Now that the environment is ready, let's fine-tune SDXL using LoRA. The following command leverages the `accelerate` library to handle efficient parallelism and optimization for large model training. Here’s a breakdown of each parameter:

- `--pretrained_model_name_or_path`: The base model to fine-tune. Here, we're using `stabilityai/stable-diffusion-xl-base-1.0`.
- `--pretrained_vae_model_name_or_path`: The pre-trained VAE model path for stable generation. We use `sdxl-vae-fp16-fix` for improved image quality.
- `--dataset_name`: Specifies the dataset to use; in this case, a Pokémon captioning dataset.
- `--dataloader_num_workers`: Set to 8 to increase data loading efficiency during training.
- `--caption_column`: The column in the dataset that provides the captions for image generation.
- `--train_batch_size`: Batch size of 5 helps balance memory load and training speed.
- `--num_train_epochs`: We set this to 10, allowing sufficient training while controlling computational time.
- `--learning_rate`: A low rate (1e-4) to prevent overfitting during fine-tuning.
- `--lr_scheduler`: "constant" maintains a steady learning rate, simplifying training stability.
- `--resolution`: Output image resolution. Here, we use 512 for quality and computational feasibility.
- `--center_crop` & `--random_flip`: Basic data augmentations to improve model robustness.
- `--output_dir`: Where fine-tuned weights will be saved.
- `--validation_prompt`: Used to periodically check the model's output during training.
- `--checkpointing_steps`: Save model checkpoints every 500 steps.
- `--gradient_checkpointing` & `--gradient_accumulation_steps`: Techniques to handle large model gradients without overwhelming memory.
- `--mixed_precision="fp16"`: 16-bit floating point precision to reduce memory usage.
- `--use_8bit_adam`: Optimizes computation with 8-bit Adam optimizer, reducing resource needs.
- `--seed`: Setting for reproducibility.

Run the following cell to start fine-tuning:


In [None]:
!accelerate launch --config_file config.yaml diffusers/examples/text_to_image/train_text_to_image_lora_sdxl.py \
  --pretrained_model_name_or_path="stabilityai/stable-diffusion-xl-base-1.0" \
  --pretrained_vae_model_name_or_path="madebyollin/sdxl-vae-fp16-fix" \
  --dataset_name="svjack/pokemon-blip-captions-en-zh" \
  --dataloader_num_workers=8 \
  --caption_column="en_text" \
  --train_batch_size=5 \
  --num_train_epochs=10 \
  --learning_rate=1e-04 \
  --lr_scheduler="constant" \
  --resolution=512 \
  --center_crop \
  --random_flip \
  --output_dir="sdxl-lora-weights" \
  --validation_prompt="A cat in the forest." \
  --num_validation_images=5 \
  --checkpointing_steps=500 \
  --lr_warmup_steps=0 \
  --gradient_checkpointing \
  --gradient_accumulation_steps=4 \
  --mixed_precision="fp16" \
  --use_8bit_adam \
  --seed=42


2024-11-03 16:00:27.878071: I tensorflow/core/util/port.cc:153] oneDNN custom operations are on.
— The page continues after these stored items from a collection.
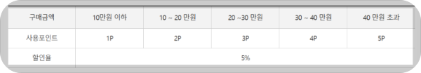 중소기업 제품을 5% 할인받을 수 있는데, 구매 금액에 따라 1~5P가 차감됩니다.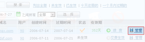 2、查看您所有的邮局产品列表,请选择您要管理的邮局的[管理]链接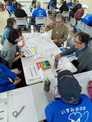 特に、職員にとっては、自治会や協定団体の取り組みを知る機会となり、社協職員として求められる知識を増やす成果を確認できました。なお、意見交換テーマの1つである「ボランティア不足」については、「生協や青年団、近隣大学などに声をかける」といった地域ネットワークを活かした取り組みの他、「未経験者の参加を増やす取り組みをする」「短時間で可能な活動もあることを伝える」「宿泊場所や貸し出しできる装備などの情報も募集時に発信する」などのアイデアがあがっていました。もう一方のテーマである、「ニーズの偏り(ニーズ把握)」について話し合ったグループでは、「平時から災害ボランティアセンターの役割や設置予定について地元の団体に発信していく(※)」「やさしい日本語など、外国人や障がい者の人にもわかりやすい情報発信を考える」などのアイデアがでていました。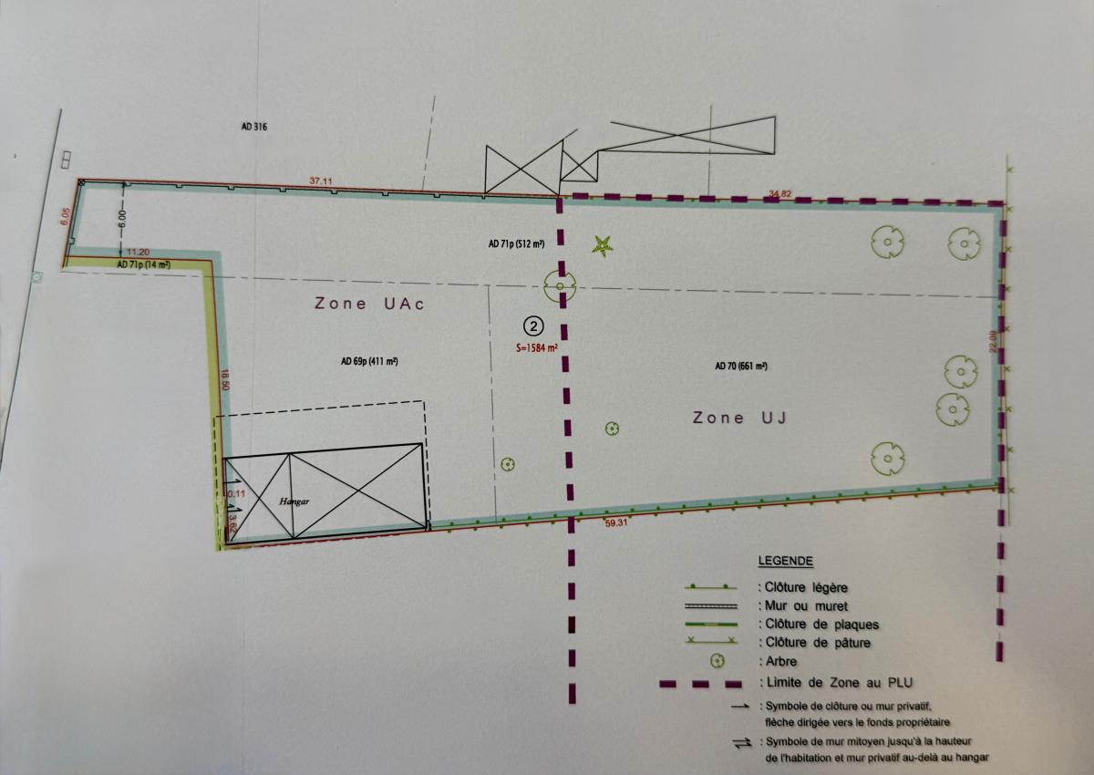 En détail : la moitié du terrain est constructible ( Zone Uac ), l'autre moitié peut supporter des constructions légères uniquement ( zone UJ) - Voir plan en photo.

You may see slightly different numerical results due to floating-point round-off errors from different computation orders. To turn them off, set the environment variable `TF_ENABLE_ONEDNN_OPTS=0`.
2024-11-03 16:00:27.893925: E external/local_xla/xla/stream_executor/cuda/cuda_fft.cc:485] Unable to register cuFFT factory: Attempting to register factory for plugin cuFFT when one has already been registered
2024-11-03 16:00:27.914515: E external/local_xla/xla/stream_executor/cuda/cuda_dnn.cc:8454] Unable to register cuDNN factory: Attempting to register factory for plugin cuDNN when one has already been registered
2024-11-03 16:00:27.920875: E external/local_xla/xla/stream_executor/cuda/cuda_blas.cc:1452] Unable to register cuBLAS factory: Attempting to register factory for plugin cuBLAS when one has already been registered
2024-11-03 16:00:27.936233: I tensorflow/core/platform/cpu_feature_guar

## Loading LoRA Weights and Running Inference

Once fine-tuning is complete, we can load the LoRA weights into the Stable Diffusion XL pipeline and run inference. The `diffusers` library provides a simple way to do this with the `StableDiffusionXLPipeline`, which allows us to leverage the fine-tuned model for custom image generation.

The following code snippet loads the weights and generates an image based on a prompt. Two key parameters in this process are num_inference_steps and guidance_scale:

* **num_inference_steps**: This parameter controls how many steps the model takes to generate the image. Higher values typically lead to more detailed images as the model has more iterations to refine the output. Here, we've set it to 100 to balance image quality with processing time.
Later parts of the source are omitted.